Where a record contains an image, leave the image out and print the rest exactly.
☆ ☆ ☆ ☆ ☆
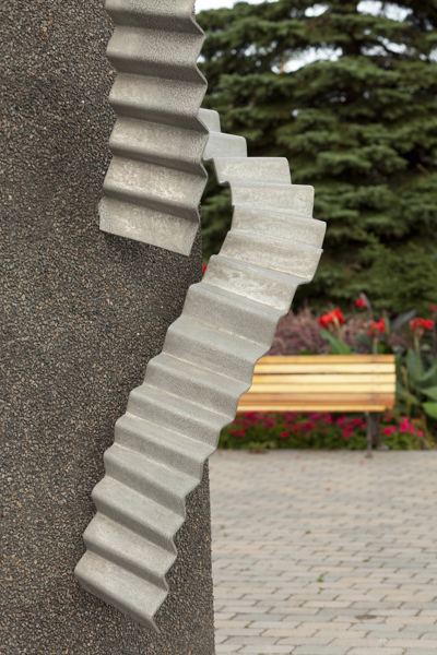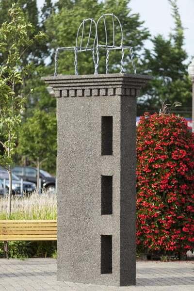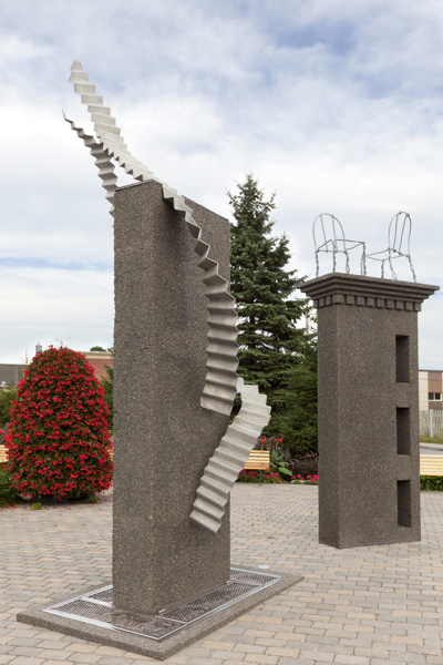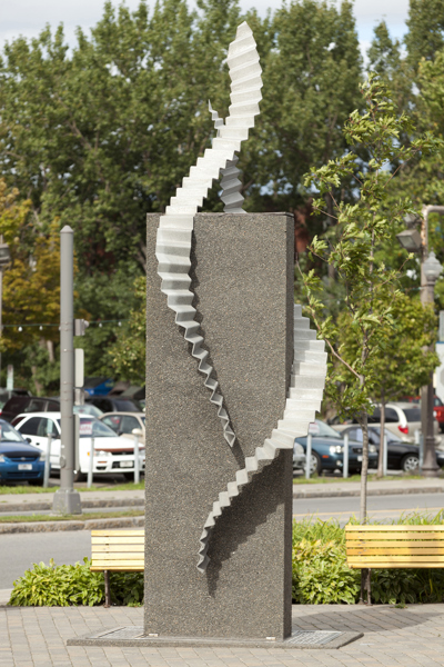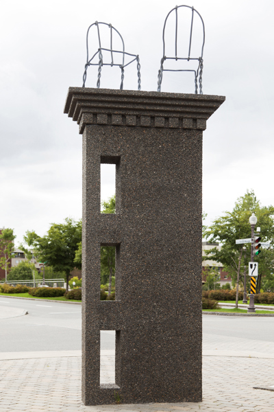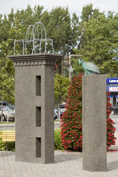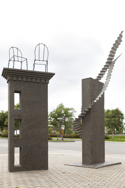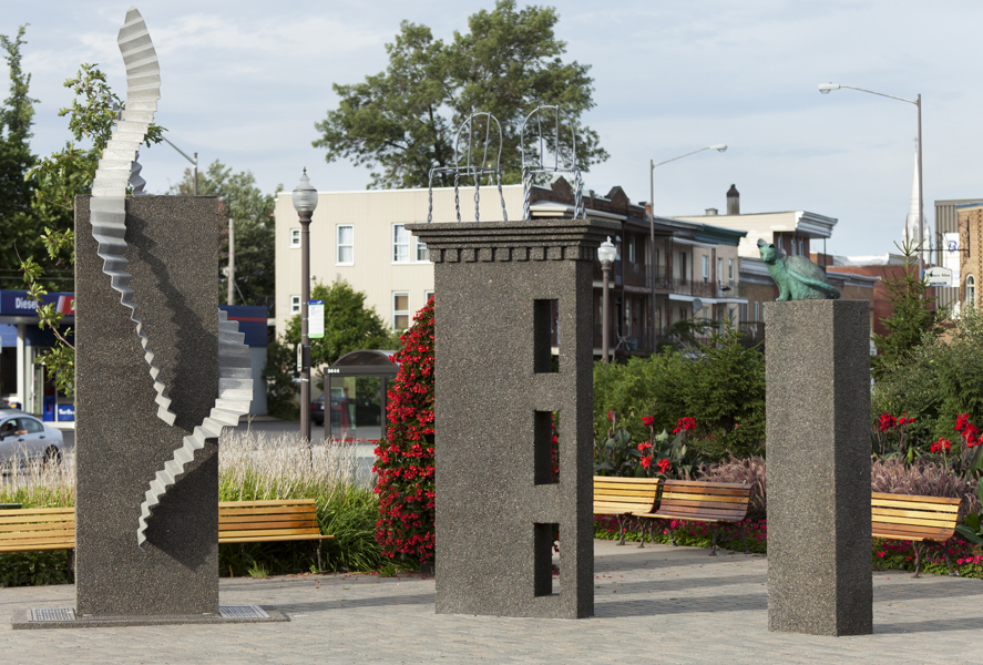 Des chats, des chaises, des escaliers métalliques qui grimpent vers le ciel… Ce trio de sculptures juchées sur des piédestaux dévoile une partie de l’âme du quartier Limoilou. L’installation-signature résume l’art de vivre dans ce vieux quartier ouvrier aux ruelles animées.
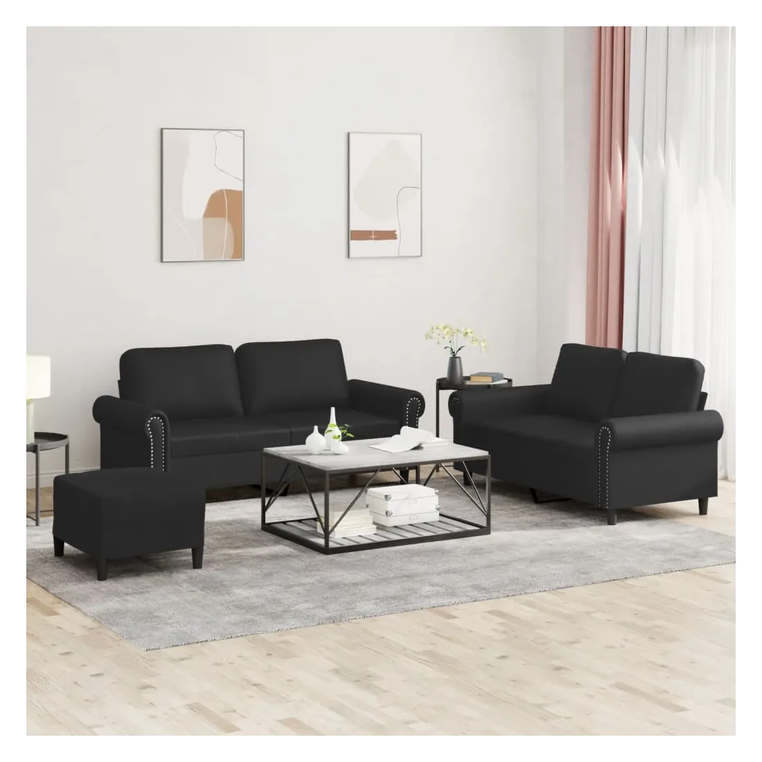 Cet ensemble de canapés est un excellent endroit pour discuter, lire, regarder la télévision ou simplement vous détendre. Il est destiné à être un point central de votre maison. Similicuir durable : le similicuir est un matériau très durable. Il est résistant aux taches, ce qui le rend facile à nettoyer avec un chiffon humide. La surface lisse donne également un aspect luxueux et la beauté du cuir véritable.Structure robuste et stable : la structure en contreplaqué et en métal du canapé assure robustesse et stabilité.Expérience d'assise confortable : le canapé est très confortable avec le siège, les accoudoirs et les oreillers de dossier bien rembourrés.Pouf polyvalent : ce repose-pied convient pour reposer vos pieds lorsque vous êtes allongé dans un canapé ou pour vous offrir un siège supplémentaire dans votre pièce. De plus, le design simple et la taille compacte le rendent idéal pour presque tous vos espaces de vie.
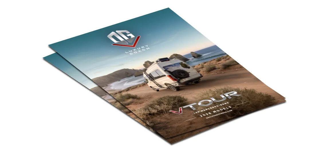 Built for adventure camping on a Mercedes-Benz 144” wheelbase sprinter van. VTOUR models offer a full wet bath, microwave, cooktop and rugged exterior accessories. These luxury adventure vans are complete with handcrafted seating, advanced climate control, superior sound insulation and state-of-the-art entertainment options. #VTOUR
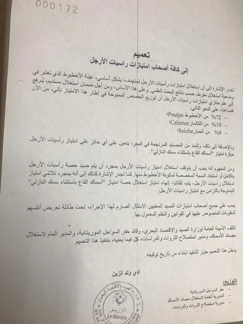 حددت وزراة الصيد والاقتصاد والبحري في تعميم صادر عنها النسبة المسموح بها من صيد رأسيات الأرجل
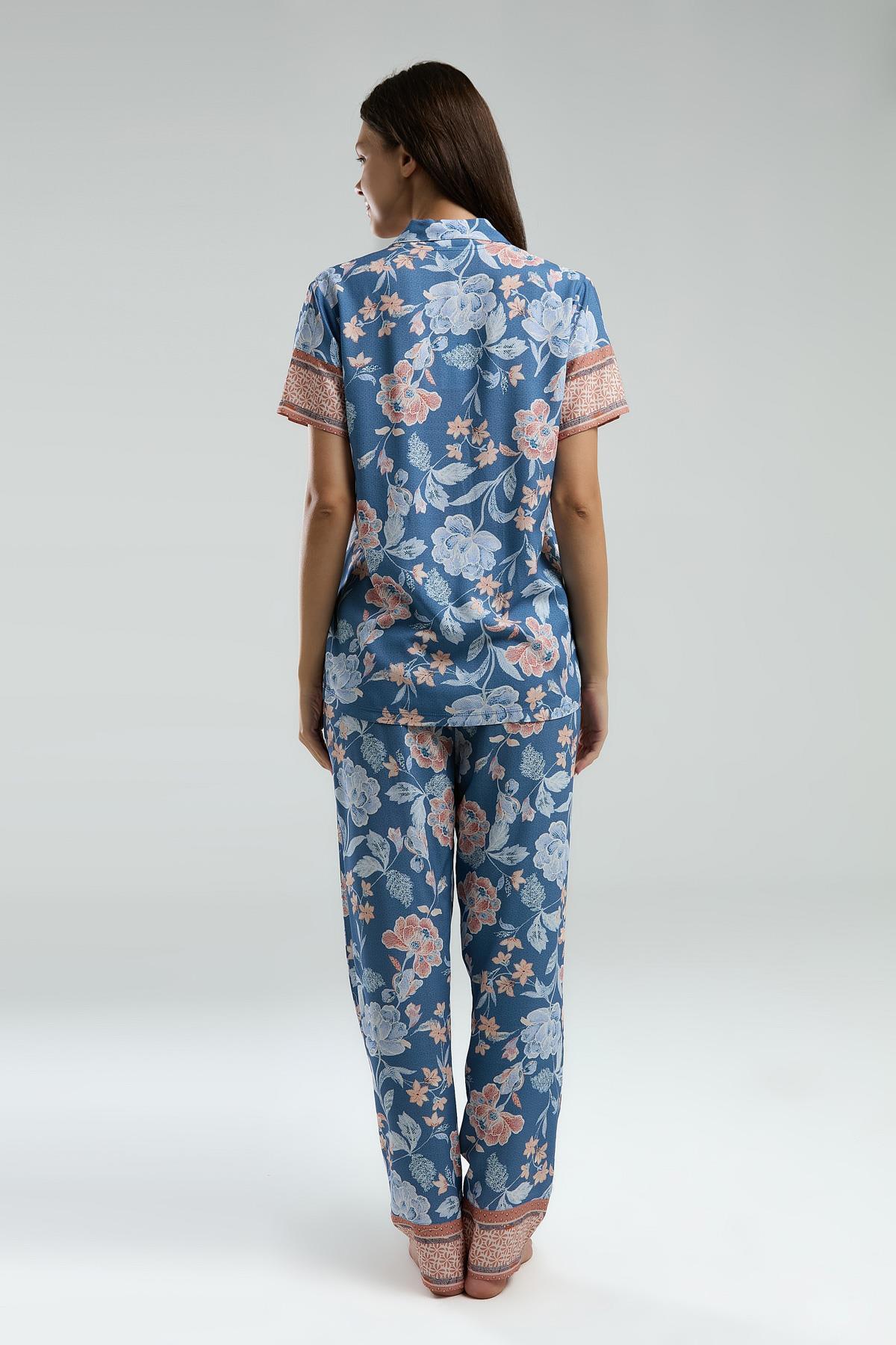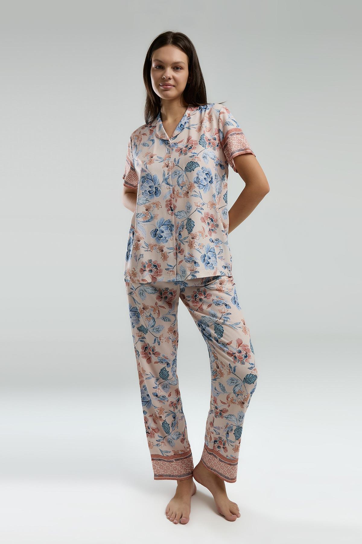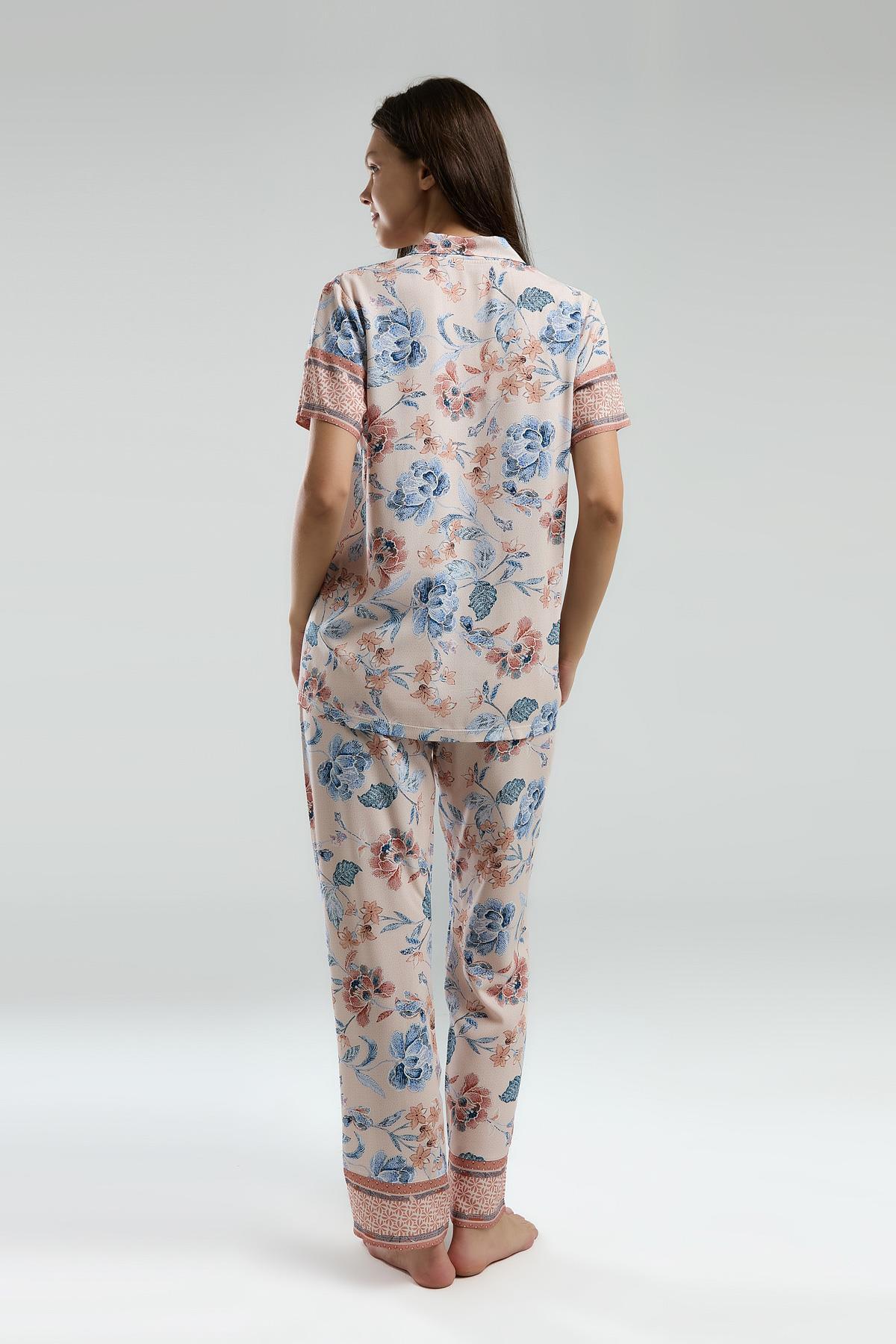 Çiçek Baskılı düğmeli ve cepli kadın yazlık pijama takım
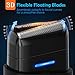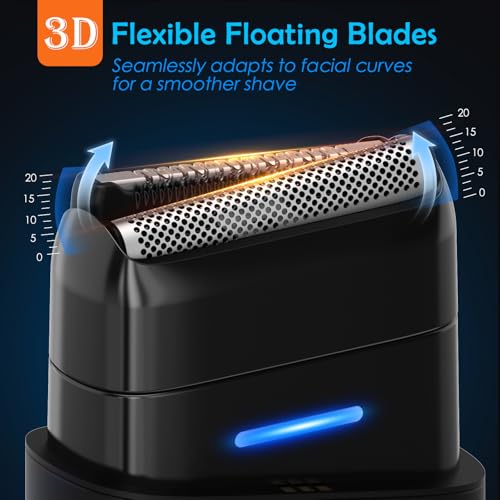 - 【Professional Dual-Blade Architecture】Go beyond basic shaving with a professional dual-head system. The electric foil shaver combines the foil shaving head with the long-hair trimmer head, working in tandem to precisely detail sideburns, shape mustaches, and neatly edge your beard. The 3D floating design allows the ultra-thin foil mesh to conform to your facial contours, ensuring a constant and close contact with the skin for a smooth and comfortable shave., 【Gentle on Your Skin & Stay Fresh】Designed with comfort in mind, the electric shaver employs a 0.05mm skin-friendly foil mesh and a gentle cutting system to reduce pulling and tugging on the hair, thereby minimizing skin irritation and redness. To ensure ongoing freshness, the shaver features a simple self-cleaning cycle—simply place the protective cap back on to activate a 20-second automatic u/~v light cleaning process, signaled by a blue indicator light. Always ready for the next use., 【Fully Washable for Wet & Dry Shaving】Enjoy ultimate flexibility and easy cleanup with a completely IPX6 waterproof design. The electric razor for men allows you to shave your way—use it dry for a quick touch-up, or pair with your shaving cream, gel, or even in the shower for a soothing wet shave. It features a magnetic detachable head. After use, simply rinse it under running water for a few seconds to wash away hair and gel residue. Once it is completely dry, put on the protective cap., 【USB-C Fast Charging & Extended Runtime】Stay powered and ready with a modern charging system designed for convenience. The Men's electric shavers fully charges in about 90 minutes and provides approx. 100-120 minutes of cordless shaving—enough for weeks of daily use. Clear LED indicators clearly show battery levels in real time, so you’re never caught off guard. Grab the universal USB-C cable, and keep your shaver ready anywhere., 【Ultra-Compact & Travel-Ready】Measuring just 9.7 x 5.8 x 2.8cm and weighing a mere 120 grams, our electric face shaver slips easily into any travel bag, jacket pocket, suitcase, or toiletry kit. To prevent accidental activation on trips, the power switch will be automatically disabled when the protective cover is attached. This portable foil shaver will be the ideal on-the-go grooming companion for business trips, vacations, or your daily commute, ensuring you look your best anywhere, anytime.
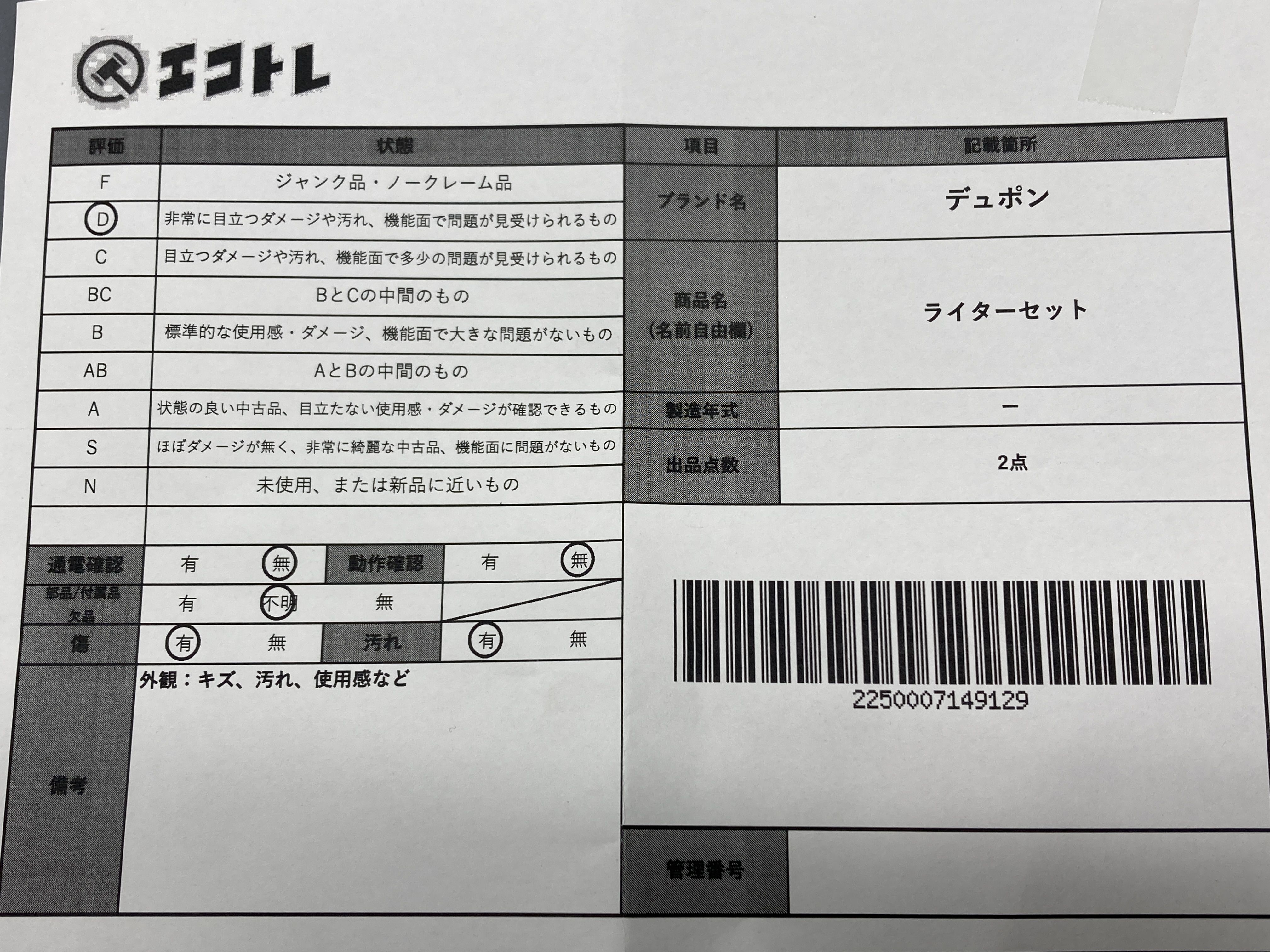 ▼SHIPPING TO JPN ONLY▼ 商品内容によって、JITBOXなどでの発送となる可能性がございます事ご理解下さい。年式などの商品情報詳細は写真にてご確認願います。※ご入札の際はご利用規約をよくお読みになってからのご参加お願いします。","タイプライン":"","カテゴリ":"喫煙具","形状コード":"ライター","付属品コード":"","シリアル・シール・型番":""
☆ ☆ ☆ ☆ ☆
Answer to this problem.
 Des chats, des chaises, des escaliers métalliques qui grimpent vers le ciel… Ce trio de sculptures juchées sur des piédestaux dévoile une partie de l’âme du quartier Limoilou. L’installation-signature résume l’art de vivre dans ce vieux quartier ouvrier aux ruelles animées.
 Cet ensemble de canapés est un excellent endroit pour discuter, lire, regarder la télévision ou simplement vous détendre. Il est destiné à être un point central de votre maison. Similicuir durable : le similicuir est un matériau très durable. Il est résistant aux taches, ce qui le rend facile à nettoyer avec un chiffon humide. La surface lisse donne également un aspect luxueux et la beauté du cuir véritable.Structure robuste et stable : la structure en contreplaqué et en métal du canapé assure robustesse et stabilité.Expérience d'assise confortable : le canapé est très confortable avec le siège, les accoudoirs et les oreillers de dossier bien rembourrés.Pouf polyvalent : ce repose-pied convient pour reposer vos pieds lorsque vous êtes allongé dans un canapé ou pour vous offrir un siège supplémentaire dans votre pièce. De plus, le design simple et la taille compacte le rendent idéal pour presque tous vos espaces de vie.
 Built for adventure camping on a Mercedes-Benz 144” wheelbase sprinter van. VTOUR models offer a full wet bath, microwave, cooktop and rugged exterior accessories. These luxury adventure vans are complete with handcrafted seating, advanced climate control, superior sound insulation and state-of-the-art entertainment options. #VTOUR
 حددت وزراة الصيد والاقتصاد والبحري في تعميم صادر عنها النسبة المسموح بها من صيد رأسيات الأرجل
 Çiçek Baskılı düğmeli ve cepli kadın yazlık pijama takım
 - 【Professional Dual-Blade Architecture】Go beyond basic shaving with a professional dual-head system. The electric foil shaver combines the foil shaving head with the long-hair trimmer head, working in tandem to precisely detail sideburns, shape mustaches, and neatly edge your beard. The 3D floating design allows the ultra-thin foil mesh to conform to your facial contours, ensuring a constant and close contact with the skin for a smooth and comfortable shave., 【Gentle on Your Skin & Stay Fresh】Designed with comfort in mind, the electric shaver employs a 0.05mm skin-friendly foil mesh and a gentle cutting system to reduce pulling and tugging on the hair, thereby minimizing skin irritation and redness. To ensure ongoing freshness, the shaver features a simple self-cleaning cycle—simply place the protective cap back on to activate a 20-second automatic u/~v light cleaning process, signaled by a blue indicator light. Always ready for the next use., 【Fully Washable for Wet & Dry Shaving】Enjoy ultimate flexibility and easy cleanup with a completely IPX6 waterproof design. The electric razor for men allows you to shave your way—use it dry for a quick touch-up, or pair with your shaving cream, gel, or even in the shower for a soothing wet shave. It features a magnetic detachable head. After use, simply rinse it under running water for a few seconds to wash away hair and gel residue. Once it is completely dry, put on the protective cap., 【USB-C Fast Charging & Extended Runtime】Stay powered and ready with a modern charging system designed for convenience. The Men's electric shavers fully charges in about 90 minutes and provides approx. 100-120 minutes of cordless shaving—enough for weeks of daily use. Clear LED indicators clearly show battery levels in real time, so you’re never caught off guard. Grab the universal USB-C cable, and keep your shaver ready anywhere., 【Ultra-Compact & Travel-Ready】Measuring just 9.7 x 5.8 x 2.8cm and weighing a mere 120 grams, our electric face shaver slips easily into any travel bag, jacket pocket, suitcase, or toiletry kit. To prevent accidental activation on trips, the power switch will be automatically disabled when the protective cover is attached. This portable foil shaver will be the ideal on-the-go grooming companion for business trips, vacations, or your daily commute, ensuring you look your best anywhere, anytime.
 ▼SHIPPING TO JPN ONLY▼ 商品内容によって、JITBOXなどでの発送となる可能性がございます事ご理解下さい。年式などの商品情報詳細は写真にてご確認願います。※ご入札の際はご利用規約をよくお読みになってからのご参加お願いします。","タイプライン":"","カテゴリ":"喫煙具","形状コード":"ライター","付属品コード":"","シリアル・シール・型番":""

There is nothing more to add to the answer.